This study showed that the sensitivity of PCT for the diagnosis of neonatal sepsis was 80%, the specificity was 85.7%, its PPV was 84.8%, and NPV was 81.1%. The sensitivity of CRP was 72.9%, the specificity was 100%, its PPV was 93.2%, and its NPV was 69.7%. These results found that PCT was more sensitive than CRP. The higher sensitivity of PCT, in comparison to CRP, was reported by Pavcnik-Arnol et al. (37), and Ivancevic et al. (38), which showed that PCT could be used as a prognostic marker for the diagnosis of sepsis. In contrast, a study by Jimenez et al. (39) reported higher sensitivity for CRP than PCT. Inconsistent with our results, the specificity of PCT was found to be lower than that of CRP in studies by Janota et al. (40), and Mamdouh et al. (34). They concluded that the lower specificity of PCT could be related to the multi-organ dysfunction of the neonates who did not have sepsis.

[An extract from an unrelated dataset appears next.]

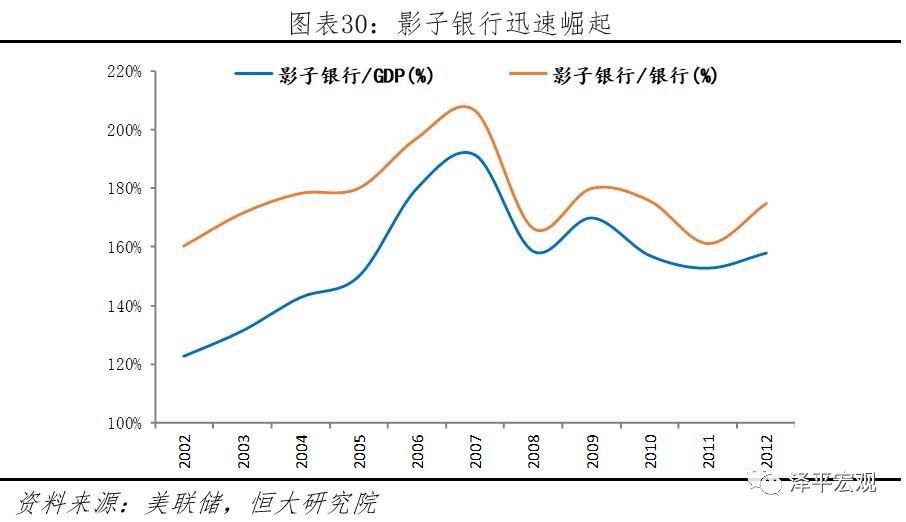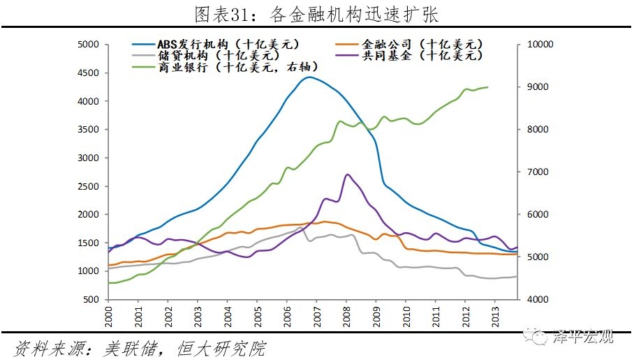 金融监管放松叠加鼓励金融创新,影子银行快速兴起。1998年美国废除《格拉斯-斯蒂格尔法案》,放开对商业银行、投资银行、保险等混业经营限制,监管逐步放松的同时鼓励金融自由、金融创新。在此条件下,以次级贷款为首的衍生信用产品快速扩张,大量商业银行、保险公司、共同基金、对冲基金以及金融公司纷纷扩展表外业务,处于监管真空领域的影子银行迅速扩张,规模巨幅提升。

On the other hand, a study by Vazzalwar et al. (41) showed that PCT has higher specificity than CRP. In this study, PPV of CRP was higher than that of PCT, while NPV of PCT was higher than that of CRP. This was in the agreement with Abdollahi et al (42). However, a study by Sakha et al. (43) reported that CRP had a higher NPV than PCT In neonates, an elevated PCT level may help in predicting septicemia; furthermore, low PCT levels were helpful in ruling out septicemia as a diagnosis. The good negative value found suggested that PCT can be tested rapidly and is highly discriminating means to rule out bacteraemia. Therefore, PCT assessment could help physicians limit the number of unnecessary prescriptions for antibiotics.
5. Conclusions
Procalcitonin level is significantly increased in all neonatal cases with sepsis and its level correlates to the severity of the condition. This finding supports the usefulness of PCT to establish an early diagnosis of neonatal sepsis. Also, the increase is more than that observed for CRP levels, and hence PCT is a more sensitive and useful biomarker for the diagnosis of neonatal sepsis. We recommend further studies in a large number of populations to confirm the role of PCT in the diagnosis of neonatal sepsis.
Acknowledgments
All members of the Neonatal Intensive Care Units (NICU) at El-Minia Children University Hospital and the Department of Biochemistry are acknowledged for their help in completing this work.
Footnotes
Conflict of Interest:
There is no conflict of interest to be declared.
Authors’ contributions:
Both authors contributed to this project and article equally. Both authors read and approved the final manuscript.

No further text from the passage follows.